Only in locator::topology. they will not be considered members of token_metadata.

Still I do not think we want to have all past and present nodes to be there forever.

Agree, we can do GC when tablets no longer reference the node. That can be done with wherever we keep them.

Message ID: @.***>

tgrabiec avatar Feb 21 '24 22:02 tgrabiec

Can you please write replies using web. The integration simply does not work. I am all for abandoning the crappy github PR interface and move to the mailing list. So if you like emails as much as I do lets complain to decision maker (not that they care).

Yes, I understand that. What I am saying is that tables should know what nodes they need topology info for. We can load only those nodes into a special map. We do not need special persistent flag per node in the topology table for that.

But note that this map/info is not only needed by tablet internals.

We will update topology from this special map. But this special map will contain only nodes that tablets really need, not all of them.

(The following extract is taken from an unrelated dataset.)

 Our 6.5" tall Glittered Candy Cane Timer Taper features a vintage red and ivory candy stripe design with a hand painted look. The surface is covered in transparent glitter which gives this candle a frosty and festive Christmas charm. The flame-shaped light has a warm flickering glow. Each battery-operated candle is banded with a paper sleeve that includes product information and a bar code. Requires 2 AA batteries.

The topology state load sequence is this:

  1. load raft topology and populate locator::topology
  2. load tablet metadata

If we wanted to decide which nodes to load in step (1) based on tablet metadata loaded in step (2), there is a chicken-and-egg problem

The in memory tabled metadata cannot be older then the previous version since as you say we load them on after another and I claim that when a replaced node moves to the left state the previous in memory token metadata is good enough to figure out what left nodes needs to be loaded. The worst case that may happen that we will load a node that is no longer needed by the next version of the topology metadata, but who cares? The only case we should worry about is to not load something that should be loaded and I do not see how it can happen.

Alternatively, we could do something like this:

  1. scan tablet metadata to compute ref = unordered_set<host_id>
  2. load raft topology and populate locator::topology, loading left nodes if they are in "ref"
  3. load tablet metadata

Yes, but I think for the (1) the previous version of tablets metadata in memory is good enough.

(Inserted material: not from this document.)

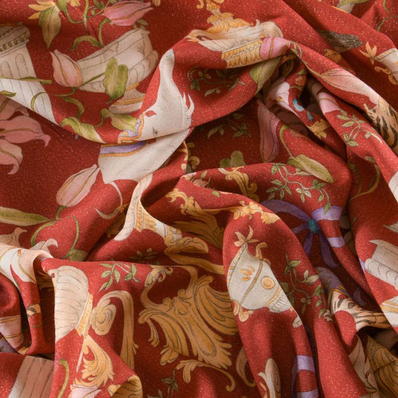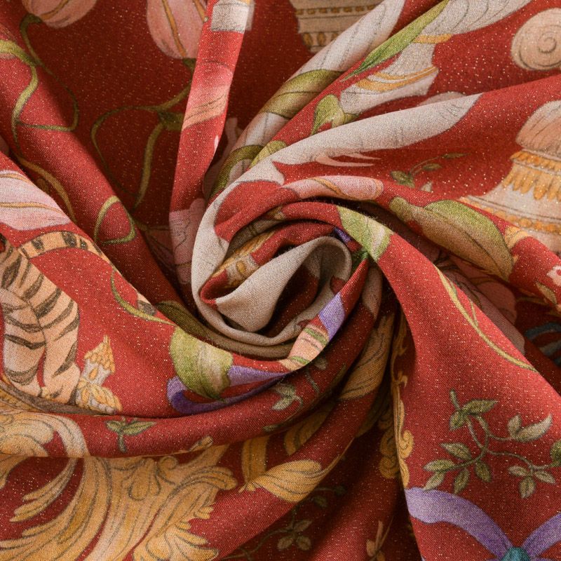 Вискоза с люрексом 009-12100 красно-терракотовый принтованный в Салехарде

gleb-cloudius avatar Feb 22 '24 09:02 gleb-cloudius

Yes, I understand that. What I am saying is that tables should know what nodes they need topology info for. We can load only those nodes into a special map. We do not need special persistent flag per node in the topology table for that.

But note that this map/info is not only needed by tablet internals.

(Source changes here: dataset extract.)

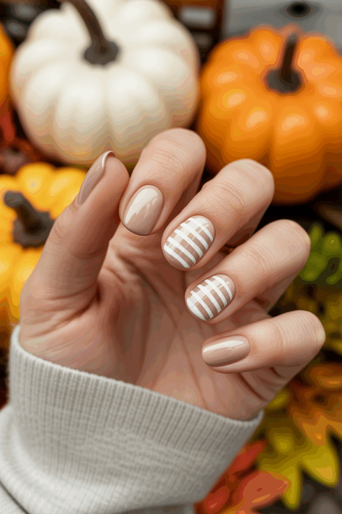 Warm sand and white stripes create a lovely contrast that feels fresh and inviting. This nail design features a soft beige base, reminiscent of sandy beaches, paired with crisp white stripes. The combination is perfect for fall, adding a touch of warmth while keeping things chic.

We will update topology from this special map. But this special map will contain only nodes that tablets really need, not all of them.

The topology state load sequence is this:

  1. load raft topology and populate locator::topology
  2. load tablet metadata

If we wanted to decide which nodes to load in step (1) based on tablet metadata loaded in step (2), there is a chicken-and-egg problem

The in memory tabled metadata cannot be older then the previous version since as you say we load them on after another and I claim that when a replaced node moves to the left state the previous in memory token metadata is good enough to figure out what left nodes needs to be loaded. The worst case that may happen that we will load a node that is no longer needed by the next version of the topology metadata, but who cares? The only case we should worry about is to not load something that should be loaded and I do not see how it can happen.

What if there is no previous tablet metadata because this is a fresh node?

tgrabiec avatar Feb 22 '24 09:02 tgrabiec

The in memory tabled metadata cannot be older then the previous version since as you say we load them on after another and I claim that when a replaced node moves to the left state the previous in memory token metadata is good enough to figure out what left nodes needs to be loaded. The worst case that may happen that we will load a node that is no longer needed by the next version of the topology metadata, but who cares? The only case we should worry about is to not load something that should be loaded and I do not see how it can happen.

What if there is no previous tablet metadata because this is a fresh node?

Shouldn't it be safe not load any of the left nodes in this case anyway? Until the node boots up to normal state it will reload the state many time.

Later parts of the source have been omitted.